◆ Data excerpt
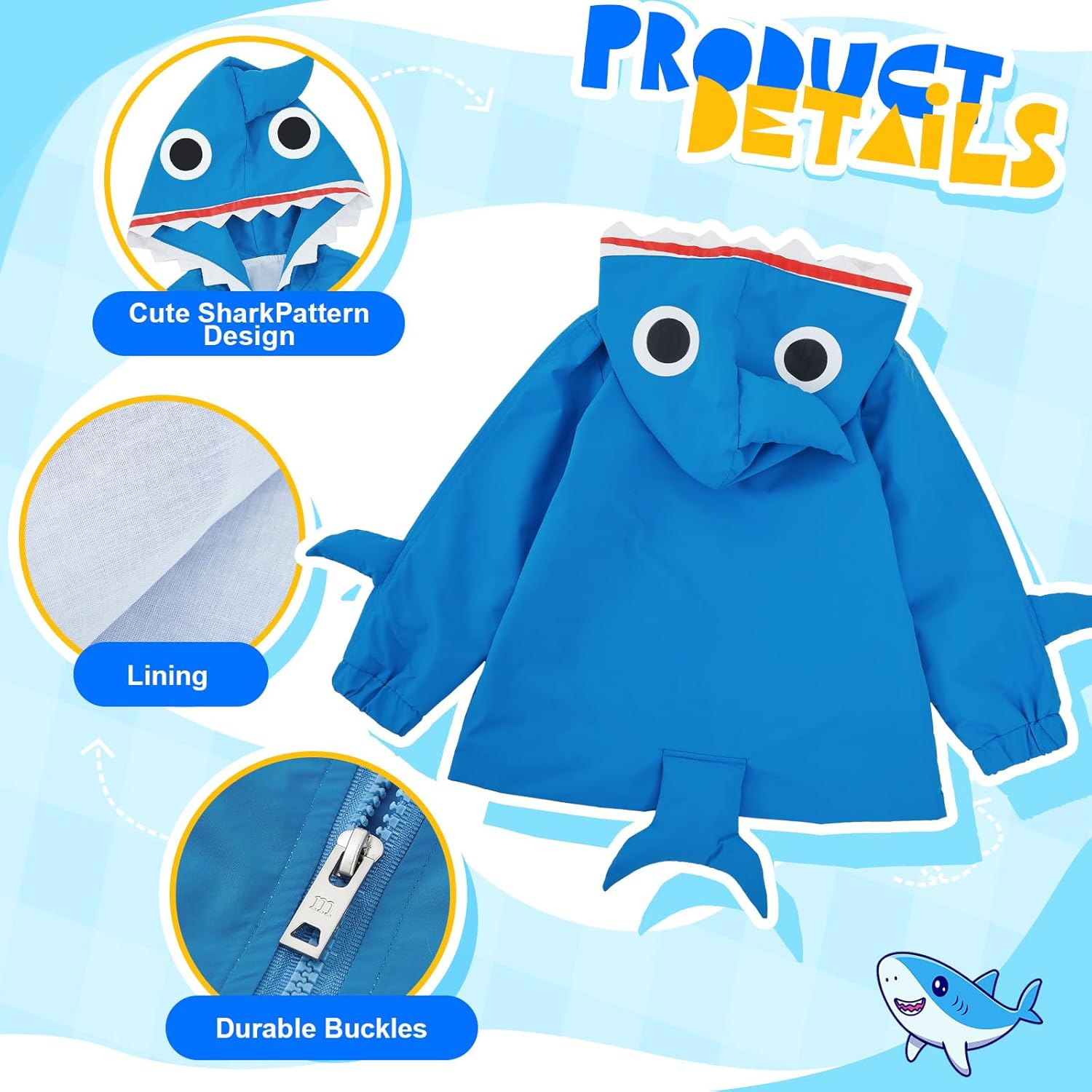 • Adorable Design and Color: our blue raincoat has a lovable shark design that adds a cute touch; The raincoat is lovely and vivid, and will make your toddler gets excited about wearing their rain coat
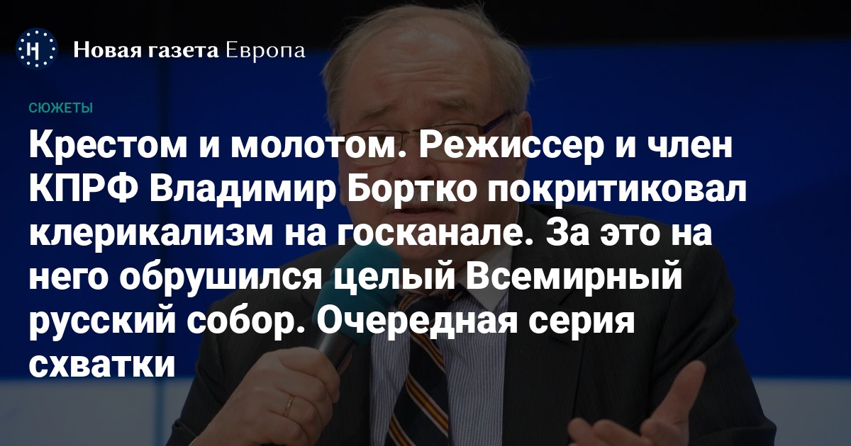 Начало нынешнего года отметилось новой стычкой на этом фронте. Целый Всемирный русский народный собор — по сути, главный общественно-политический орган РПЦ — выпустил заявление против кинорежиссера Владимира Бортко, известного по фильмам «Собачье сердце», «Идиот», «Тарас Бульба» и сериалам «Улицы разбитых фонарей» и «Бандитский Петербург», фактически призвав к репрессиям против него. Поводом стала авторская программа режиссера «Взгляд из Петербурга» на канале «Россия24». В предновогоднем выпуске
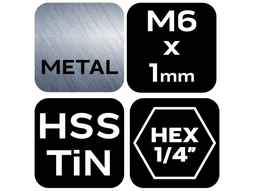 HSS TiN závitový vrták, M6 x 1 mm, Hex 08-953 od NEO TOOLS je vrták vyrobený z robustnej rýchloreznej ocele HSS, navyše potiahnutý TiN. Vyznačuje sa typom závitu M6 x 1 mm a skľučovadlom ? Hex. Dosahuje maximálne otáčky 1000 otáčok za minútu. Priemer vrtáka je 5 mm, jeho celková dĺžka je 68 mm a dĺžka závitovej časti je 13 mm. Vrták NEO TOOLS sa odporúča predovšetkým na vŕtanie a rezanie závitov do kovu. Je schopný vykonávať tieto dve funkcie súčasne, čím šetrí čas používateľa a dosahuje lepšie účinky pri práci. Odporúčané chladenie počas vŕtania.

◆ Problem to solve
All of the material above should be written out exactly as given, minus any images.

◆ Task answer
 • Adorable Design and Color: our blue raincoat has a lovable shark design that adds a cute touch; The raincoat is lovely and vivid, and will make your toddler gets excited about wearing their rain coat
 Начало нынешнего года отметилось новой стычкой на этом фронте. Целый Всемирный русский народный собор — по сути, главный общественно-политический орган РПЦ — выпустил заявление против кинорежиссера Владимира Бортко, известного по фильмам «Собачье сердце», «Идиот», «Тарас Бульба» и сериалам «Улицы разбитых фонарей» и «Бандитский Петербург», фактически призвав к репрессиям против него. Поводом стала авторская программа режиссера «Взгляд из Петербурга» на канале «Россия24». В предновогоднем выпуске
 HSS TiN závitový vrták, M6 x 1 mm, Hex 08-953 od NEO TOOLS je vrták vyrobený z robustnej rýchloreznej ocele HSS, navyše potiahnutý TiN. Vyznačuje sa typom závitu M6 x 1 mm a skľučovadlom ? Hex. Dosahuje maximálne otáčky 1000 otáčok za minútu. Priemer vrtáka je 5 mm, jeho celková dĺžka je 68 mm a dĺžka závitovej časti je 13 mm. Vrták NEO TOOLS sa odporúča predovšetkým na vŕtanie a rezanie závitov do kovu. Je schopný vykonávať tieto dve funkcie súčasne, čím šetrí čas používateľa a dosahuje lepšie účinky pri práci. Odporúčané chladenie počas vŕtania.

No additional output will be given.